Segment Start: Data to use

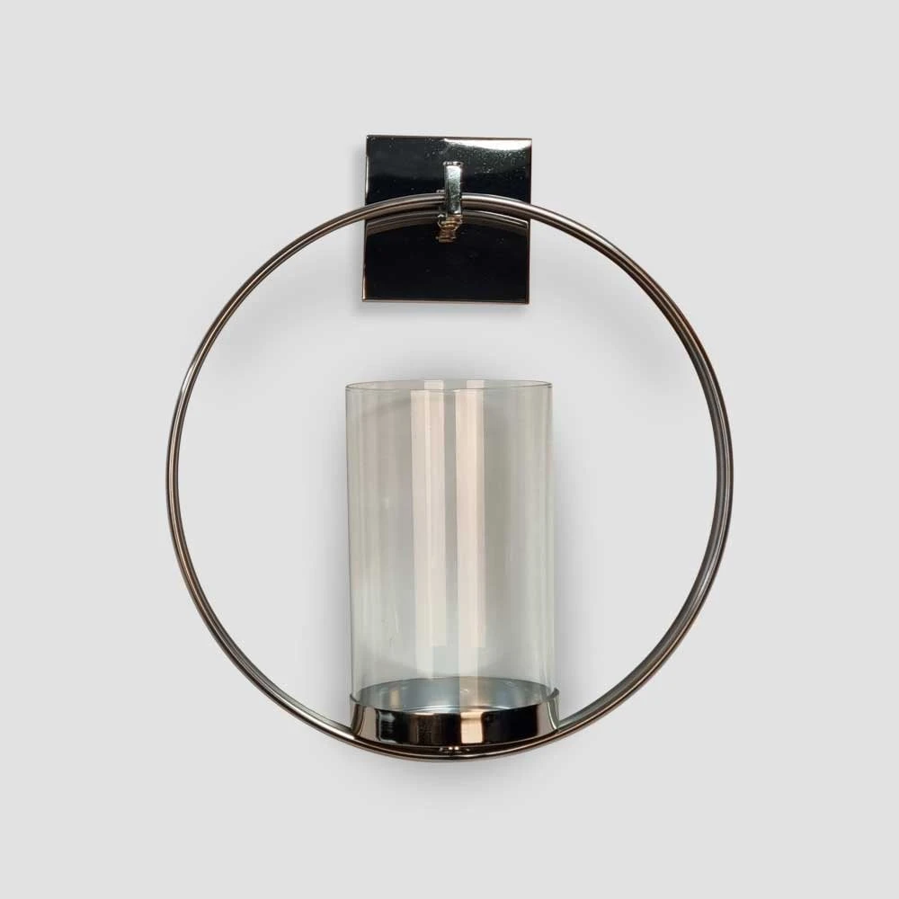 This elegant wall sconce will suit any contemporary space. It features a lustrous glass candle holder supported by a shining metal hoop. The simplicity of the design lends itself to a range of current schemes, from minimalism to modern glamour. It’s a stylish way to light up a gloomy corner.
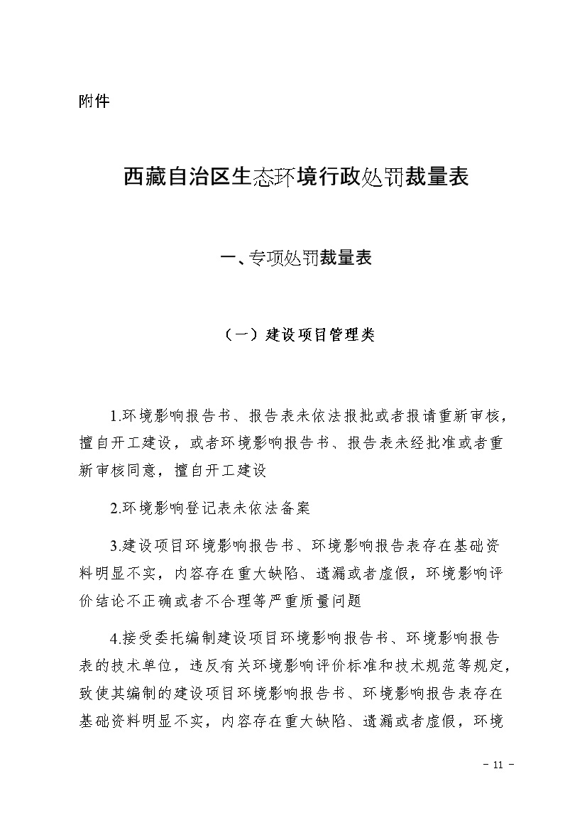 西藏自治區(qū)生態(tài)環(huán)境行政處罰裁量基準資料下載_模版下載_工作報告
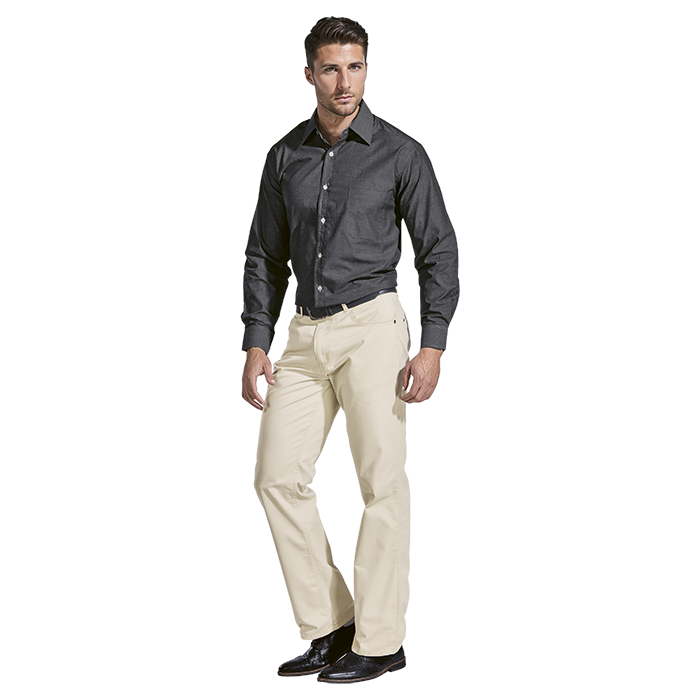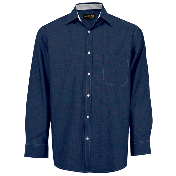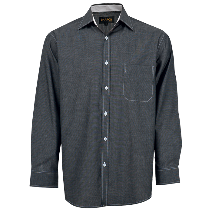 Onyx Lounge Long Sleeve Mens Meet the Onyx Lounge Long Sleeve by Barron—where sharp style meets all-day comfort! With its melange poly-cotton blend, raised collar, and contrast details, this shirt turns heads at the office and beyond. Elevate your look effortlessly with innovative design and premium quality! • Raised collar • Available in long and short sleeves • Double back yoke and chest pocket • Button-through gauntlet and double button cutaway cuffs on the long sleeve option • Contrast inner collar and cuffs • Curved hem • Innovative styling • Contrast top-stitching throughout • 65/35 Poly Cotton melange weave fabric • Contrast marble buttons • SMETA • OEKO-TEX
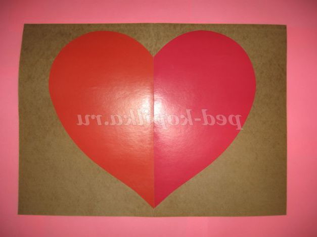 Викроюємо серце з двох половинок(червоний картон двох відтінків).
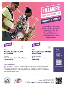 Join the Mayor’s Office of Community Affairs, Office of Supervisor Mahmood, and City Departments for this community gathering to hear an overview of the community planning process to develop the Fillmore Community Action Plan and report back on what they heard at the 9/24 Open House. Representatives from several City agencies will share information on existing efforts in the neighborhood and will be available to receive feedback. RSVP here! In-person date is Thursday, November 13 and Virtual event is Tuesday, November 18.
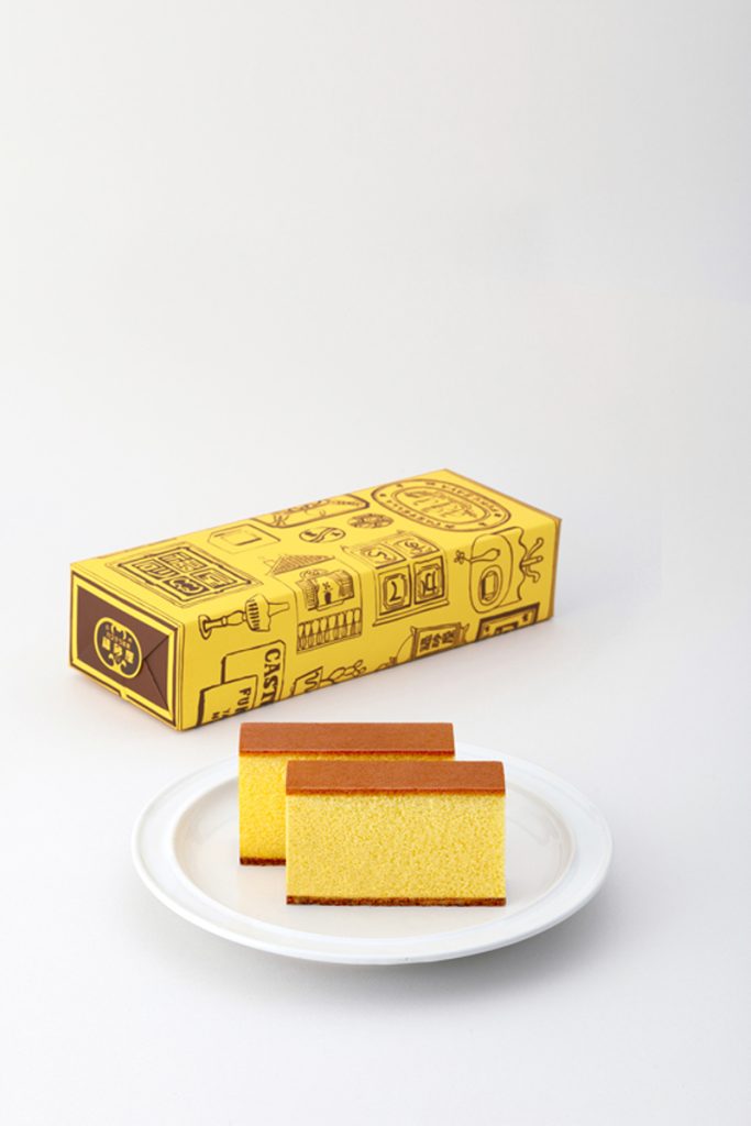 「カステラ小切れ1号」は、「福砂屋(ふくさや)」の代表作。寛永元年(1624年)の創業以来、伝統の古法を守り続ける老舗の味が自慢。しっとりとした口当たりと深みのある甘さが特徴。10切れに分けられた。食べやすい形で提供。
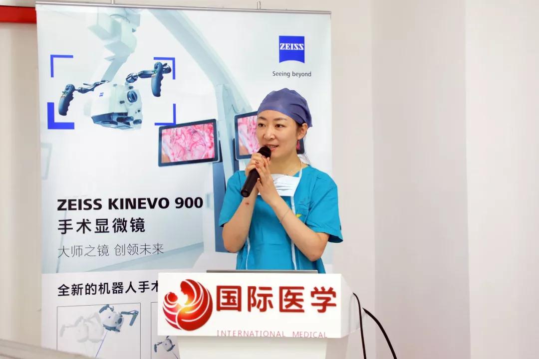 隨后,腦科醫(yī)院名譽院長高國棟使用機器人手術(shù)顯微鏡(ZEISS KINEVO 900),為一位41歲原發(fā)性面肌抽搐的男性患者行左側(cè)面神經(jīng)微血管減壓術(shù)。術(shù)后,患者情況穩(wěn)定。
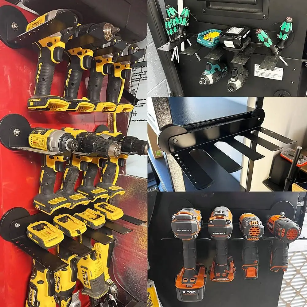 About this item [Magnetic Power Tool Organizer]: Let the power tools have a new foothold, use the magnetic tool organizer to help you save and store all the commonly used tools, organize your messy workbench, Find the tools you need without wasting time [Utility Storage Tool Rack]: Our Utility Storage Rack Shelf is perfect for organizing garage items such as cordless drills, screwdrivers, rolling tools, hardware. Power tool organizer can hang in garages, tool rooms, workshops, warehouses, stores, etc [Heavy Duty Cordless Drill Holder]: Made of heavy duty metal steel, the joints of the frame are reinforced and welded, the tool holder are stronger to prevent the storage rack from breaking easily and protect your power tools [Organize Your Space]: Garage tool organizers have dedicated storage areas for drills and screwdrivers. With space for 4 drills and 9 screwdrivers of different sizes, you can quickly find the tool you need [Easy to Install]: Removable storage rack is detachable and used the included 3. 46inch rubber coated magnet and accessories, which can be used by attaching to the metal surface. No drilling,no screws,the rubber coated won't damage the painted
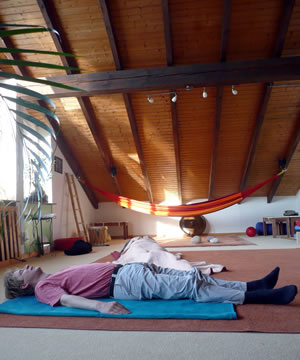 3. Phase: Sich auf den Boden auf den Rücken legen, loslassen und sich dem Boden einfach hingeben. Ich kann mich hingeben und einfach vertrauen, dass ich getragen werde. Vielleicht entdeckt jemand das Gefühl, dass man sich auch dem Leben hingeben kann und getragen wird. (vgl. Osho, Das Orangene Buch, Köln 1985)
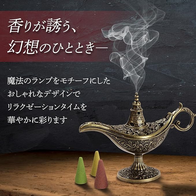 『コーンお香専用お香たて』 アラジン風デザイン:魔法のランプをモチーフにしたおしゃれな香炉。空間を華やかに彩るインテリアとしても活躍

Segment End: Data to use

_What to do_:
Return the data exactly. Pictures stay out.

_Result of the task_:
 This elegant wall sconce will suit any contemporary space. It features a lustrous glass candle holder supported by a shining metal hoop. The simplicity of the design lends itself to a range of current schemes, from minimalism to modern glamour. It’s a stylish way to light up a gloomy corner.
 西藏自治區(qū)生態(tài)環(huán)境行政處罰裁量基準資料下載_模版下載_工作報告
 Onyx Lounge Long Sleeve Mens Meet the Onyx Lounge Long Sleeve by Barron—where sharp style meets all-day comfort! With its melange poly-cotton blend, raised collar, and contrast details, this shirt turns heads at the office and beyond. Elevate your look effortlessly with innovative design and premium quality! • Raised collar • Available in long and short sleeves • Double back yoke and chest pocket • Button-through gauntlet and double button cutaway cuffs on the long sleeve option • Contrast inner collar and cuffs • Curved hem • Innovative styling • Contrast top-stitching throughout • 65/35 Poly Cotton melange weave fabric • Contrast marble buttons • SMETA • OEKO-TEX
 Викроюємо серце з двох половинок(червоний картон двох відтінків).
 Join the Mayor’s Office of Community Affairs, Office of Supervisor Mahmood, and City Departments for this community gathering to hear an overview of the community planning process to develop the Fillmore Community Action Plan and report back on what they heard at the 9/24 Open House. Representatives from several City agencies will share information on existing efforts in the neighborhood and will be available to receive feedback. RSVP here! In-person date is Thursday, November 13 and Virtual event is Tuesday, November 18.
 「カステラ小切れ1号」は、「福砂屋(ふくさや)」の代表作。寛永元年(1624年)の創業以来、伝統の古法を守り続ける老舗の味が自慢。しっとりとした口当たりと深みのある甘さが特徴。10切れに分けられた。食べやすい形で提供。
 隨后,腦科醫(yī)院名譽院長高國棟使用機器人手術(shù)顯微鏡(ZEISS KINEVO 900),為一位41歲原發(fā)性面肌抽搐的男性患者行左側(cè)面神經(jīng)微血管減壓術(shù)。術(shù)后,患者情況穩(wěn)定。
 About this item [Magnetic Power Tool Organizer]: Let the power tools have a new foothold, use the magnetic tool organizer to help you save and store all the commonly used tools, organize your messy workbench, Find the tools you need without wasting time [Utility Storage Tool Rack]: Our Utility Storage Rack Shelf is perfect for organizing garage items such as cordless drills, screwdrivers, rolling tools, hardware. Power tool organizer can hang in garages, tool rooms, workshops, warehouses, stores, etc [Heavy Duty Cordless Drill Holder]: Made of heavy duty metal steel, the joints of the frame are reinforced and welded, the tool holder are stronger to prevent the storage rack from breaking easily and protect your power tools [Organize Your Space]: Garage tool organizers have dedicated storage areas for drills and screwdrivers. With space for 4 drills and 9 screwdrivers of different sizes, you can quickly find the tool you need [Easy to Install]: Removable storage rack is detachable and used the included 3. 46inch rubber coated magnet and accessories, which can be used by attaching to the metal surface. No drilling,no screws,the rubber coated won't damage the painted
 3. Phase: Sich auf den Boden auf den Rücken legen, loslassen und sich dem Boden einfach hingeben. Ich kann mich hingeben und einfach vertrauen, dass ich getragen werde. Vielleicht entdeckt jemand das Gefühl, dass man sich auch dem Leben hingeben kann und getragen wird. (vgl. Osho, Das Orangene Buch, Köln 1985)
 『コーンお香専用お香たて』 アラジン風デザイン:魔法のランプをモチーフにしたおしゃれな香炉。空間を華やかに彩るインテリアとしても活躍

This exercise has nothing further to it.